In the context of MPS, genistein has been described to decrease the expression of genes encoding for one or more enzymes involved in GAG synthesis (Nikitovic et al., 2003), by inhibiting the tyrosine specific protein kinase activity of the epithelial growth factor (EGF) receptor (EGFR or ErbB1, ENSG00000146648) (Akiyama et al., 1987; Kim et al., 1998; nomenclature follows Alexander et al., 2008).

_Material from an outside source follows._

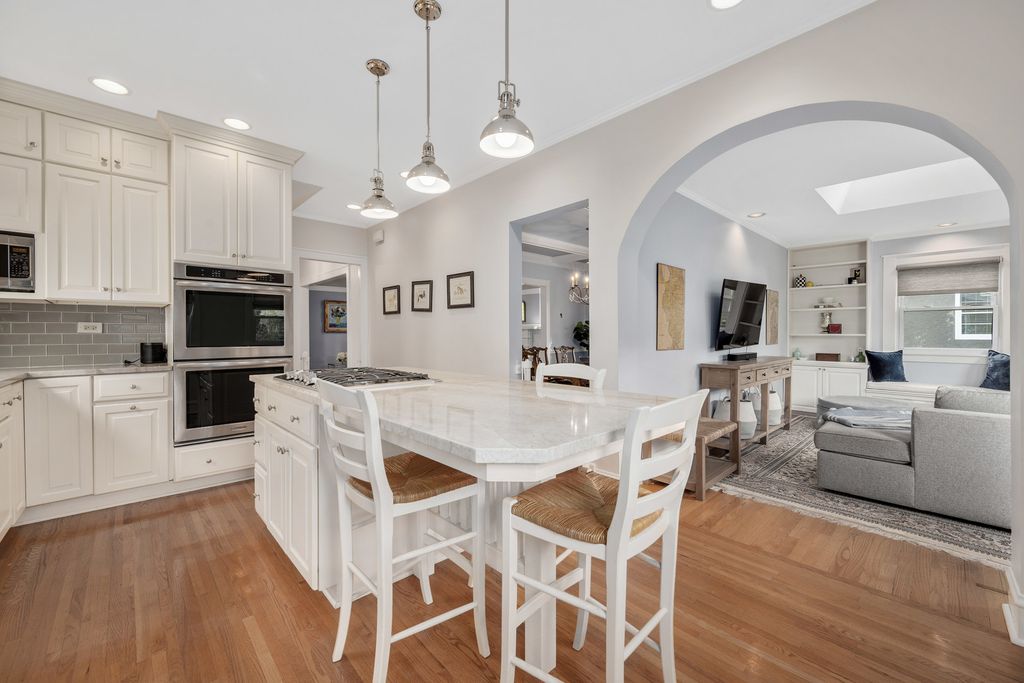 Beautifully renovated 4 bed, 3.1 bath home in the heart of Old Town Western Springs! This charming residence has been thoughtfully rehabbed from top to bottom, blending timeless character with modern style. A welcoming front porch leads to a spacious living room with built-ins and a traditional fireplace, and a large dining room with gracious moldings perfect for entertaining. The stunning chef's kitchen features a center island, marble countertops, and high-end appliances. The cozy family room offers built-in shelving and large windows overlooking the backyard. Upstairs, the primary suite boasts a new spa-like bath and generous closets, plus two additional bedrooms and a stylish hall bath. The third floor provides a private fourth bedroom or office. The basement offers a full rec room, workout space, laundry and full bath. Enjoy the beautiful paved patio and 2-car garage-all just steps from town, train, parks, and top-rated schools!

A protocol for the reduction of GAG synthesis in vitro, mediated by genistein, the gene expression-targeted isoflavone therapy (GET IT), has been described (Piotrowska et al., 2006; Jakobkiewicz-Banecka et al., 2009) and the same authors recently reported a pilot clinical evaluation of MPSIII patients, receiving treatment with genistein (Piotrowska et al., 2008). In addition, genistein crosses the BBB in the rat (Tsai, 2005) and in the mouse (Liu et al., 2008). As there are no preclinical in vivo studies so far to assess the efficacy of genistein on GAG reduction (GET IT protocol) in both systemic and neurological compartments, we undertook such an evaluation in the mouse model for the X-linked, inherited MPSII disease (Hunter syndrome). The effects of genistein in two different dose regimens, 5 or 25 mg·kg−1·day−1 administered for 10 or 20 weeks, were analysed.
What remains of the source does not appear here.